Collection entries
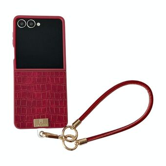 For Samsung Galaxy Z Flip7 5G Crocodile Texture TPU Phone Case With Strap(Red)
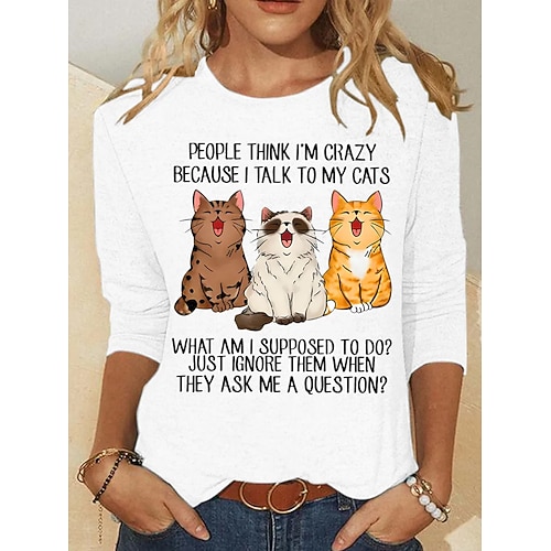 Per donna Maglietta Grafico Animale Gatto Moda Casual Manica Corta Manica Lunga Girocollo Top Regolari Quotidiano Weekend Stampato Nero Bianco Rosa Verde Cachi Estate Primavera Autunno
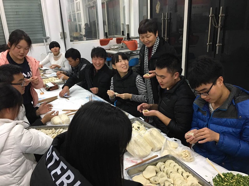在现场,同学们有揉面的、有擀皮儿的、有包饺子的,但是也有同学在家里不常动手,操作生疏的,老师们耐心的教起了大家如何包饺子,师生齐聚,一团和气,领导和老师们来到包饺子的现场不仅为节日添加了一丝温暖,也让同学们的心里泛起了阵阵暖意,师生齐动手,也更让这次活动充满了家的感觉。虽然包出来的饺子千姿百态,但从员工们的脸上可以看出由衷的开心,吃着自己的劳动成果,这饺子才更有滋味。
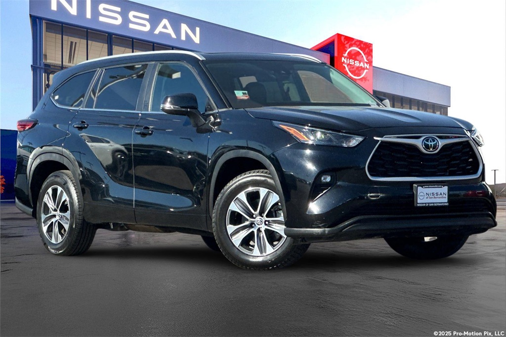 CARFAX One-Owner. 22/29 City/Highway MPGABS brakes, Active Cruise Control, Alloy wheels, Electronic Stability Control, Front dual zone A/C, Heated door mirrors, Heated Front Bucket Seats, Heated front seats, Illuminated entry, Low tire pressure warning, Power Liftgate, Power moonroof, Remote keyless entry, Traction control.This 2023 Midnight Black Toyota Highlander XLE FWD is well equipped and includes these features and benefits: ABS brakes, Active Cruise Control, Alloy wheels, Electronic Stability Control, Front dual zone A/C, Heated door mirrors, Heated Front Bucket Seats, Heated front seats, Illuminated entry, Low tire pressure warning, Power Liftgate, Power moonroof, Remote keyless entry, Traction control, 3.329 Axle Ratio, 3rd row seats: split-bench, 4-Wheel Disc Brakes, 6 Speakers, Air Conditioning, AM/FM radio: SiriusXM, Apple CarPlay/Android Auto, Auto High-beam Headlights, Auto-dimming Rear-View mirror, Automatic temperature control, Brake assist, Bumpers: body-color, Delay-off headlights, Driver door bin, Driver vanity mirror, Dual front impact airbags, Dual front side impact airbags, Emergency communication system: Safety Connect (up to 10-year trial subscription), Exterior Parking Camera Rear, Four wheel independent suspension, Front anti-roll bar, Front Bucket Seats, Front Center Armrest, Front fog lights, Front reading lights, Fully automatic headlights, Garage door transmitter: HomeLink, Knee airbag, Leather Shift Knob, Leather steering wheel, Occupant sensing airbag, Outside temperature display, Overhead airbag, Overhead console, Panic alarm, Passenger door bin, Passenger vanity mirror, Power door mirrors, Power driver seat, Power passenger seat, Power steering, Power windows, Radio: 8" Toyota Audio Multimedia, Rear air conditioning, Rear anti-roll bar, Rear reading lights, Rear window defroster, Rear window wiper, Reclining 3rd row seat, Roof rack: rails only, Security system, SofTex Seat Trim, Speed control, Speed-sensing steering, Split folding rear seat, Spoiler, Steering wheel mounted audio controls, Tachometer, Telescoping steering wheel, Tilt steering wheel, Trip computer, Turn signal indicator mirrors, Variably intermittent wipers, and Wheels: 18" Machined-Finish Alloy.
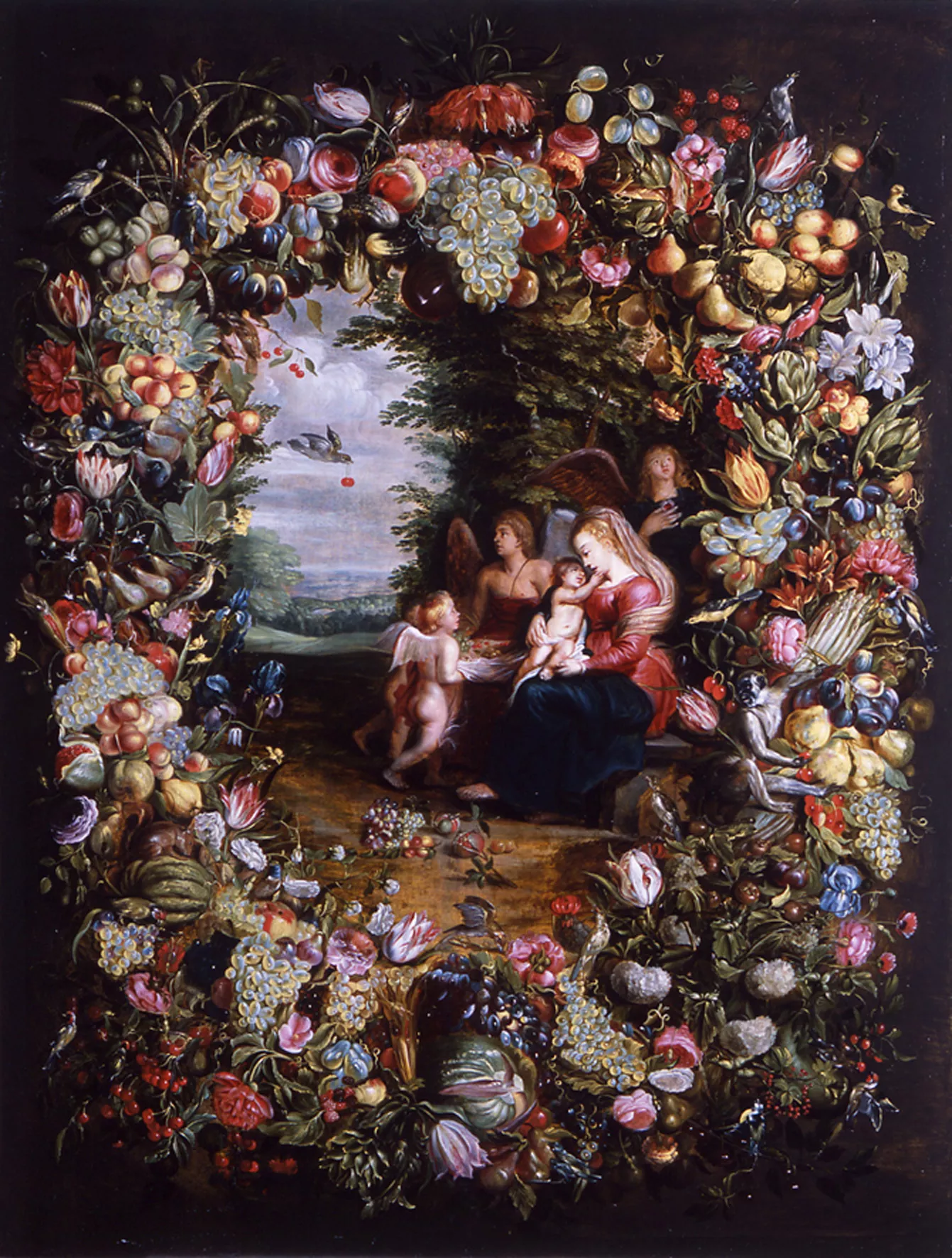 Vierge à l'Enfant dans une guirlande de fleurs et de fruits
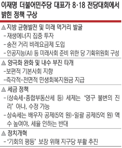 박성민 정치컨설팅 민 대표는 “180석이나 안겨줬는데 제대로 한 게 없다고 아쉬워한 강성 지지층과 달리 중도층은 ‘검수완박(검찰 수사권 완전 박탈)을 비롯해 왜 일방적으로 밀어붙이기만 하느냐’며 지지를 철회한 결과가 0.73%포인트 차이로 갈린 2022년 대선”이라고 지적했다. 이 대표가 상속세와 종합부동산세 등 세제와 관련해 연일 유연한 입장을 내놓은 것 역시 외연 확장을 위한 행보라는 분석이 나온다.
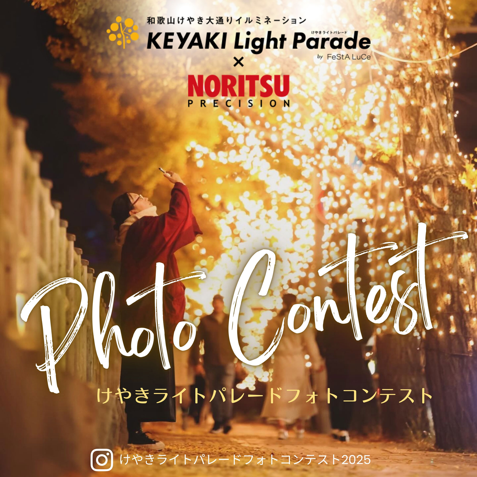 ノーリツプレシジョン(株)のアカウント@noritsu_precision_photos と和歌山けやき大通りイルミネーション実行委員会のアカウント @keyaki_light_parade をフォローして、フォトコンテストに参加しよう!
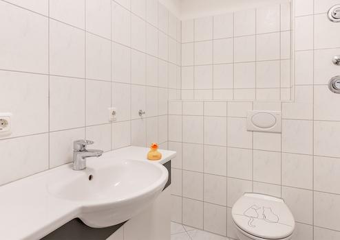 Abgerundet wird das Platzangebot durch ein separates, ebenfalls weiß gefliestes Gäste-WC (innen liegend).
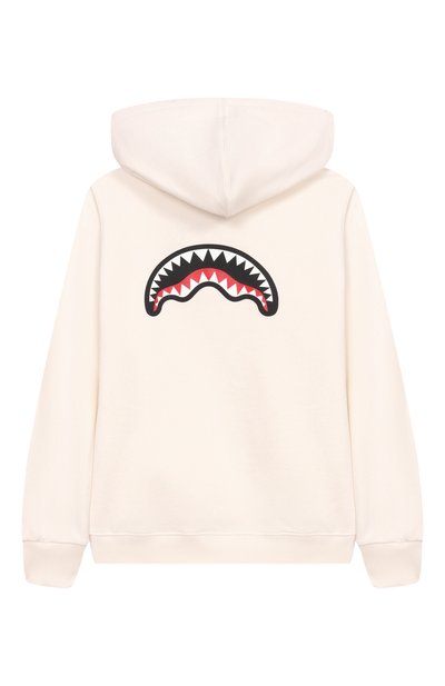 Худи словно сшили из трех разных изделий. Рукава и боковые вставки связаны из полушерстяной пряжи. Передняя и задняя полочки выполнены из хлопкового трикотажа. Эластичная модель украшена принтом с символикой марки.
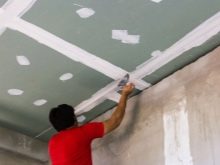 - Листове от гипсокартон. Те дават възможност за създаване на идеално гладко покритие, което може да бъде замазано, залепено с тапети, боядисано, нанесено с декоративна мазилка. С помощта на листове от гипсокартон в интериора се появяват тавани с различни нива и геометрични форми. Гипсокартонът е екологично чист и отговаря на санитарните стандарти. Неговите недостатъци включват факта, че се страхува от условия на висока влажност и се нуждае от покритие..
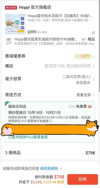 → suntribe: ,8/19購買4袋12包,一樣在是蝦皮hoppi 1.34.170.171 10/18 11:07

### What needs to be done
Transcribe every line of the records exactly. Pictures do not belong in the copy.

### Completed task
 For Samsung Galaxy Z Flip7 5G Crocodile Texture TPU Phone Case With Strap(Red)
 Per donna Maglietta Grafico Animale Gatto Moda Casual Manica Corta Manica Lunga Girocollo Top Regolari Quotidiano Weekend Stampato Nero Bianco Rosa Verde Cachi Estate Primavera Autunno
在现场,同学们有揉面的、有擀皮儿的、有包饺子的,但是也有同学在家里不常动手,操作生疏的,老师们耐心的教起了大家如何包饺子,师生齐聚,一团和气,领导和老师们来到包饺子的现场不仅为节日添加了一丝温暖,也让同学们的心里泛起了阵阵暖意,师生齐动手,也更让这次活动充满了家的感觉。虽然包出来的饺子千姿百态,但从员工们的脸上可以看出由衷的开心,吃着自己的劳动成果,这饺子才更有滋味。
 CARFAX One-Owner. 22/29 City/Highway MPGABS brakes, Active Cruise Control, Alloy wheels, Electronic Stability Control, Front dual zone A/C, Heated door mirrors, Heated Front Bucket Seats, Heated front seats, Illuminated entry, Low tire pressure warning, Power Liftgate, Power moonroof, Remote keyless entry, Traction control.This 2023 Midnight Black Toyota Highlander XLE FWD is well equipped and includes these features and benefits: ABS brakes, Active Cruise Control, Alloy wheels, Electronic Stability Control, Front dual zone A/C, Heated door mirrors, Heated Front Bucket Seats, Heated front seats, Illuminated entry, Low tire pressure warning, Power Liftgate, Power moonroof, Remote keyless entry, Traction control, 3.329 Axle Ratio, 3rd row seats: split-bench, 4-Wheel Disc Brakes, 6 Speakers, Air Conditioning, AM/FM radio: SiriusXM, Apple CarPlay/Android Auto, Auto High-beam Headlights, Auto-dimming Rear-View mirror, Automatic temperature control, Brake assist, Bumpers: body-color, Delay-off headlights, Driver door bin, Driver vanity mirror, Dual front impact airbags, Dual front side impact airbags, Emergency communication system: Safety Connect (up to 10-year trial subscription), Exterior Parking Camera Rear, Four wheel independent suspension, Front anti-roll bar, Front Bucket Seats, Front Center Armrest, Front fog lights, Front reading lights, Fully automatic headlights, Garage door transmitter: HomeLink, Knee airbag, Leather Shift Knob, Leather steering wheel, Occupant sensing airbag, Outside temperature display, Overhead airbag, Overhead console, Panic alarm, Passenger door bin, Passenger vanity mirror, Power door mirrors, Power driver seat, Power passenger seat, Power steering, Power windows, Radio: 8" Toyota Audio Multimedia, Rear air conditioning, Rear anti-roll bar, Rear reading lights, Rear window defroster, Rear window wiper, Reclining 3rd row seat, Roof rack: rails only, Security system, SofTex Seat Trim, Speed control, Speed-sensing steering, Split folding rear seat, Spoiler, Steering wheel mounted audio controls, Tachometer, Telescoping steering wheel, Tilt steering wheel, Trip computer, Turn signal indicator mirrors, Variably intermittent wipers, and Wheels: 18" Machined-Finish Alloy.
 Vierge à l'Enfant dans une guirlande de fleurs et de fruits
 박성민 정치컨설팅 민 대표는 “180석이나 안겨줬는데 제대로 한 게 없다고 아쉬워한 강성 지지층과 달리 중도층은 ‘검수완박(검찰 수사권 완전 박탈)을 비롯해 왜 일방적으로 밀어붙이기만 하느냐’며 지지를 철회한 결과가 0.73%포인트 차이로 갈린 2022년 대선”이라고 지적했다. 이 대표가 상속세와 종합부동산세 등 세제와 관련해 연일 유연한 입장을 내놓은 것 역시 외연 확장을 위한 행보라는 분석이 나온다.
 ノーリツプレシジョン(株)のアカウント@noritsu_precision_photos と和歌山けやき大通りイルミネーション実行委員会のアカウント @keyaki_light_parade をフォローして、フォトコンテストに参加しよう!
 Abgerundet wird das Platzangebot durch ein separates, ebenfalls weiß gefliestes Gäste-WC (innen liegend).
 Худи словно сшили из трех разных изделий. Рукава и боковые вставки связаны из полушерстяной пряжи. Передняя и задняя полочки выполнены из хлопкового трикотажа. Эластичная модель украшена принтом с символикой марки.
 - Листове от гипсокартон. Те дават възможност за създаване на идеално гладко покритие, което може да бъде замазано, залепено с тапети, боядисано, нанесено с декоративна мазилка. С помощта на листове от гипсокартон в интериора се появяват тавани с различни нива и геометрични форми. Гипсокартонът е екологично чист и отговаря на санитарните стандарти. Неговите недостатъци включват факта, че се страхува от условия на висока влажност и се нуждае от покритие..
 → suntribe: ,8/19購買4袋12包,一樣在是蝦皮hoppi 1.34.170.171 10/18 11:07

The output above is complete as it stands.